Keywords: Consensus sequence, Flavitrack, NS2a, PCPMer, West Nile virus

1 Introduction

Flaviviruses (FV) are important human and animal pathogens. They are transmitted mainly by mosquitoes and ticks and can cause various diseases, including encephalitis and hemorrhagic fever [15, 8]. Flaviviruses are single-stranded positive-sense RNA viruses with three structural proteins (C, prM, and E) and several nonstructural proteins (NS1, NS2a, NS2b, NS3, NS4a, 2K, NS4b, and NS5) (Figure 1) [27]. Many, including Yellow Fever (YF), Japanese encephalitis (JBE), and Dengue (DV1 to DV4) are endemic throughout the tropics and subtropical region of the world. In addition, West Nile virus (WN) has recently become disseminated across the continental United States [11, 9]. Although most cases of WN and other FV are relatively mild, the disease can progress to a fatal encephalitis, which, according to statistics from the Center for Disease Control, has taken the lives of more than 1000 individuals in the US since the first infections were detected in 1999 [1]. The rapid spread of the disease, and the high mortality rates for severe infections (ranging from 3-14%), has brought into focus the need to better understand the mechanisms of pathogenesis. The Flavitrack database [2] was constructed to allow statistically valid comparisons and particularly to define sequence features that correlate with disease severity [23]. Better understanding of these features can aid in the design of multivalent vaccines against FV [6, 18, 10].

Figure 1
Flaviviruses are enveloped viruses with a single-stranded, positive-sense RNA genome. The 10.3kb genome is translated as a single polyprotein, which is cleaved into three structural proteins (capsid, membrane and evelope) and several non-structural proteins, ...

Here, we illustrate some of the methods we have developed to use the data in Flavitrack to determine consensus sequences, and generate information that can aid in understanding the effects of known mutants and sequence variants on pathogenesis. The example we chose is the NS2a protein, a small (231 amino acids in Kunjin, a strain of West Nile that is prevalent in Australia) protein that is cleaved from the middle of the virus polyprotein. Although the structure and function is not known, there is evidence that NS2a plays a role in the formation of virus-induced membranes and in preventing the production of interferon after virus infection [21, 17]. Interferons (IFN) are proteins produced soon after virus infection that play a major role in the humoral defense against viral replication.
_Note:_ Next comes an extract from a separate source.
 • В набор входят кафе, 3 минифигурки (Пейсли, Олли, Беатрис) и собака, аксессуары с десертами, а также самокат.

Although several FV non-structural proteins have been implicated in preventing IFN induction, a single point mutation in NS2a restores the IFN response [20]. Several other sequence variants in this protein also attenuate the virus by affecting encapsidation, as well as host cell responses [28, 17]. This protein is thus a candidate to use in design of antiviral drugs. No experimental structure has been determined for NS2a, nor is its function within the virus life cycle known.
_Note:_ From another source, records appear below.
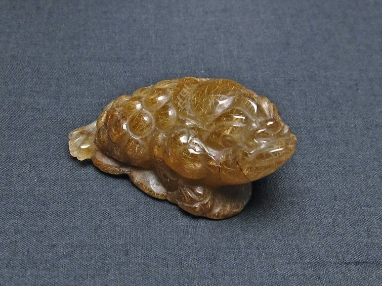 - 金針ルチル 金蟾 置物 手彫り 彫刻品 キンセン ルチルクォーツ 原石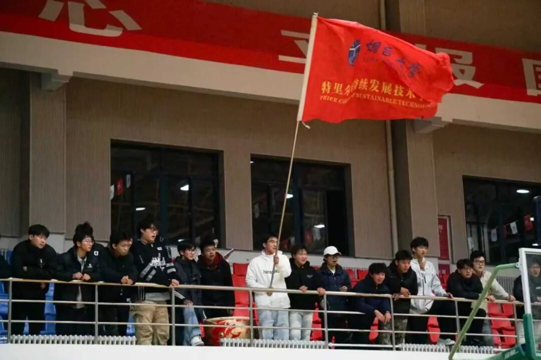 赛场的精彩,从来不止于球员的拼搏。看台上,我院学子组成的助威团亦是一道亮丽风景。他们挥舞旗帜、呐喊助威,“特里尔加油!”的声浪此起彼伏,化作队员们攻坚克难的无穷动力。这份跨越赛场的双向奔赴,让每一滴汗水都有了重量,让每一份坚持都有了回应,生动展现了集体力量与青春热忱交织的动人模样。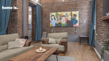 ნინოშვილის ქუჩაზე მდებარე სახლის ყველა ნაწილში აგურის კედლებს ვხვდებით, რომლებიც ინტერიერის ხასიათს განსაზღვრავს. აგური კლასიკურ სტილს ქმნის. მუქი ფერის აქცენტების დამატებით საოცრად ელეგანტური დიზაინი მიიღება.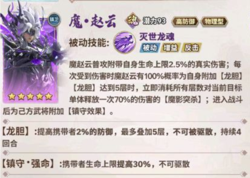 这套阵容的主要构造逻辑就是把反击的收益最大化。赵云和魔·赵云都是很容易获得且前期战斗力很强的武将,他们所具有的技能特点具有很强的反击能力。君主在布阵的时候要把这两位武将放在前面,以达到最大限度地提高他们发动反击的机会和次数的目的。前排站位既符合他们的高生存性,又可以利用敌人的攻击频率转化为我方的输出火力。该阵容采用以彼之道,还施彼身的战术,即使属性比对手低一些,角色也可以依靠频繁的反击来扭转局势。

NS2a is the most variable of all FV proteins, according to our analysis, and its sequence identity ranges for mosquito-borne flaviviruses from 20 to 65% (Figure 2). In this work we attempted to identify physicochemical motifs in NS2a common to the mosquito-borne viruses. We first calculated consensus sequences based on conserved physicochemical properties for each of the virus groups separately using the methodology outlined in Section 2.3. The consensus sequences were then analyzed for regions with conserved physicochemical properties, as described in Section 2.2. We also prepared models for this protein. The fold recognition servers [14] returned no significant match, but some of the results suggested that the known mutants may function together in preventing the IFN response. The models and physicochemical motifs are a starting point for structural and mutagenesis studies to explore the function of this protein.

Figure 2
Analysis of the interspecies conservation of the NS2a protein, in terms of sequence identity between FV sequences. The protein is much more conserved in the tick borne flaviviruses (KFD-RF in the above table) and the mosquito borne encephalitic viruses ...

2 Methods

2.1 The Flavitrack Database

The Flavitrack database [2] was established to aid vaccine development efforts against Flaviviruses by providing easy-to-use tools for data retrieval and sequence analysis. Currently, the database contains more than 1400 complete genomic sequences. The data are continually downloaded from the NCBI website and then manually annotated with a “license plate” that encodes information about the disease type, fatality, host, etc. This enables easy interpretation of large multiple sequence alignments. The polyprotein annotations (with respect to the beginning and end of the proteins shown in Figure 1) are added, and, where necessary, the annotations from the NCBI are corrected. Genomic sequences with a desired phenotype can be rapidly selected using the search page of Flavitrack. Here, we used it to filter 919 wild-type NS2a protein sequences of 8 mosquito-borne flavivirus groups: DV1 to DV4, YF, WN, JBE and SLE (St. Louis encephalitis virus). Multiple sequence alignments were then generated with the Clustalw 2.0.3 program with default parameters [16].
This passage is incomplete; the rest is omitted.